[Material provided Boundary: Start]
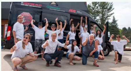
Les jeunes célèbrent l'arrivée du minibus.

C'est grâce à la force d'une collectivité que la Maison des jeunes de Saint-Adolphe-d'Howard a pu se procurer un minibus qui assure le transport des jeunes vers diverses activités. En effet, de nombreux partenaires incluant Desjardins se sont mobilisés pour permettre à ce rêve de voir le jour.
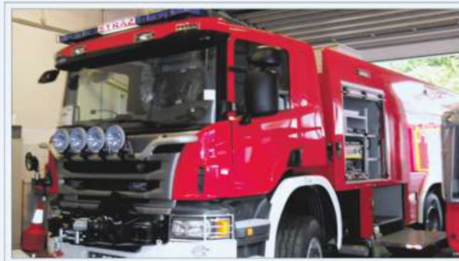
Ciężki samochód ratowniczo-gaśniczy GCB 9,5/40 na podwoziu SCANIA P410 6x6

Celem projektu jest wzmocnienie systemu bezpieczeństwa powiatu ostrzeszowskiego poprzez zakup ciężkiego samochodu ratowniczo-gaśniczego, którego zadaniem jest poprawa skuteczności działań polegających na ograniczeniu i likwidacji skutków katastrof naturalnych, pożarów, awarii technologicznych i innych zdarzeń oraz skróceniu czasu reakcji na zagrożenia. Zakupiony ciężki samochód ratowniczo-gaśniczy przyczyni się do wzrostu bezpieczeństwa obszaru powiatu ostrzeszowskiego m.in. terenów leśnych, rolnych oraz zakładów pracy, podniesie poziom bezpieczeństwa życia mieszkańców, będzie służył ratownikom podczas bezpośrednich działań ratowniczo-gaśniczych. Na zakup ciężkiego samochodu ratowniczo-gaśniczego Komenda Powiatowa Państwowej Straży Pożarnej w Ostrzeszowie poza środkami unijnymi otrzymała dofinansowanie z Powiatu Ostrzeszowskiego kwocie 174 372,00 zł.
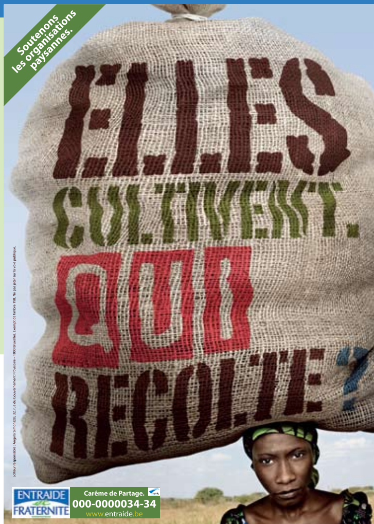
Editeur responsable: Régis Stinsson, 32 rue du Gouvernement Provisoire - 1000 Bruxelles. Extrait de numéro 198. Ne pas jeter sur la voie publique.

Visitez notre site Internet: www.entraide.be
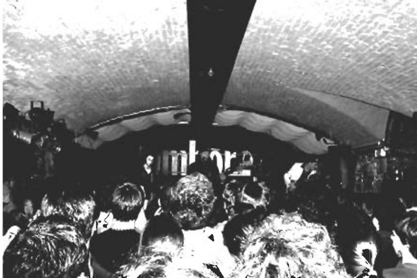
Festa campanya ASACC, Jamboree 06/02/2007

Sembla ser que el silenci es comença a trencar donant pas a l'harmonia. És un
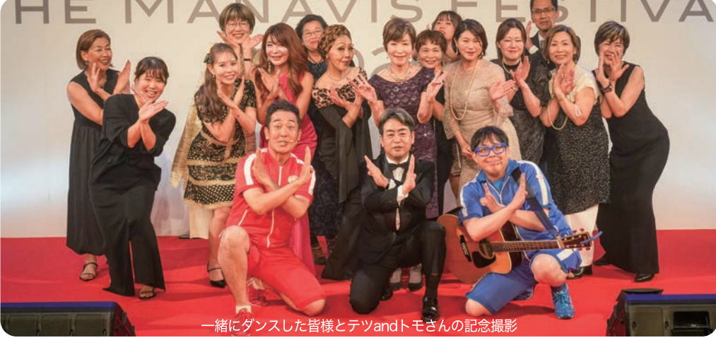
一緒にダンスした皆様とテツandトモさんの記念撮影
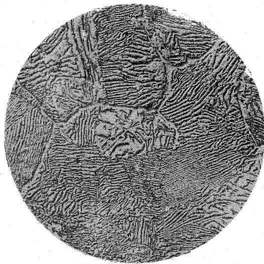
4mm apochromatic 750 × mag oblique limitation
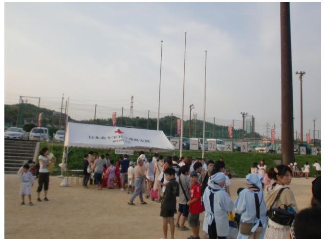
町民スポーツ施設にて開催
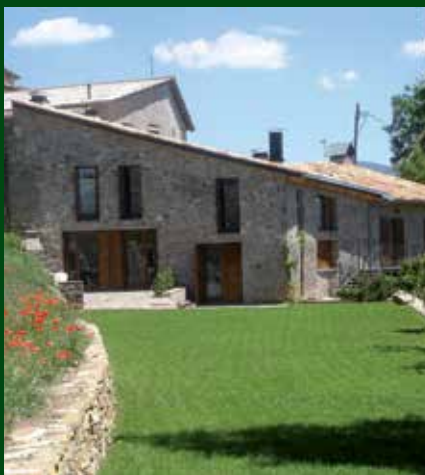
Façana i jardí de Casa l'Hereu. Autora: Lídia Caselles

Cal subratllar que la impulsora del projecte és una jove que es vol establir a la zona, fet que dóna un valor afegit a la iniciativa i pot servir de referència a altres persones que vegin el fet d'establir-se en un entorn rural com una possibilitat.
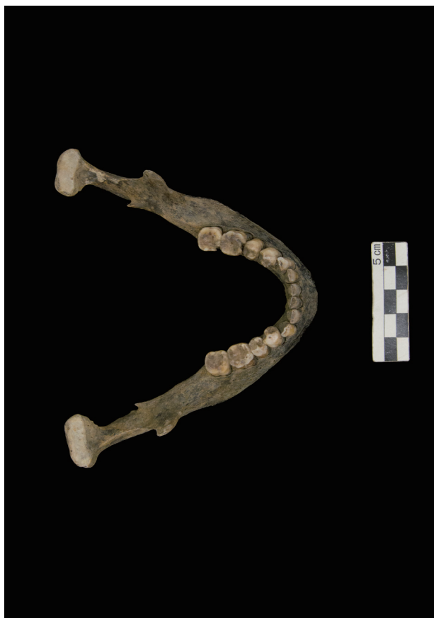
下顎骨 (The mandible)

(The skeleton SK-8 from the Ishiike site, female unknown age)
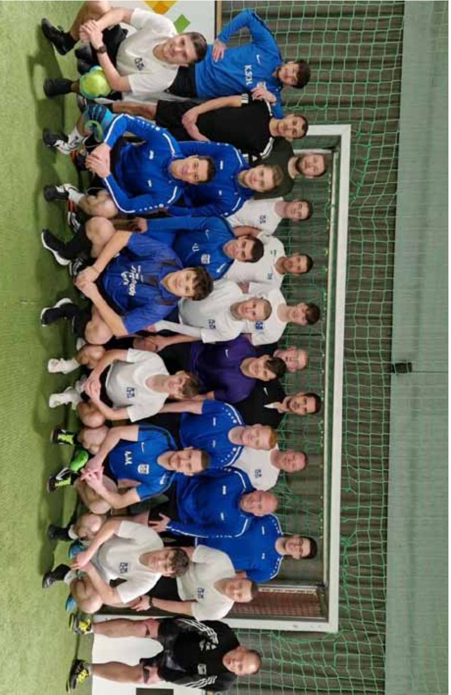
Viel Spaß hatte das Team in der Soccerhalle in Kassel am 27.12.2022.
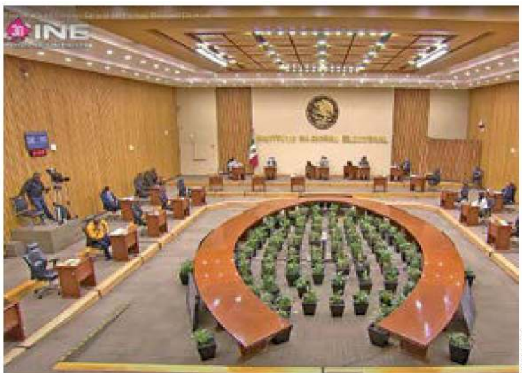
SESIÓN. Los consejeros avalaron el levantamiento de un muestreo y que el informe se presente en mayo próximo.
[Material provided Boundary: End]
# [Task instructions]
State how many lines of the records above contain the word "jeunes", and give only that number.

# [Task solution]
2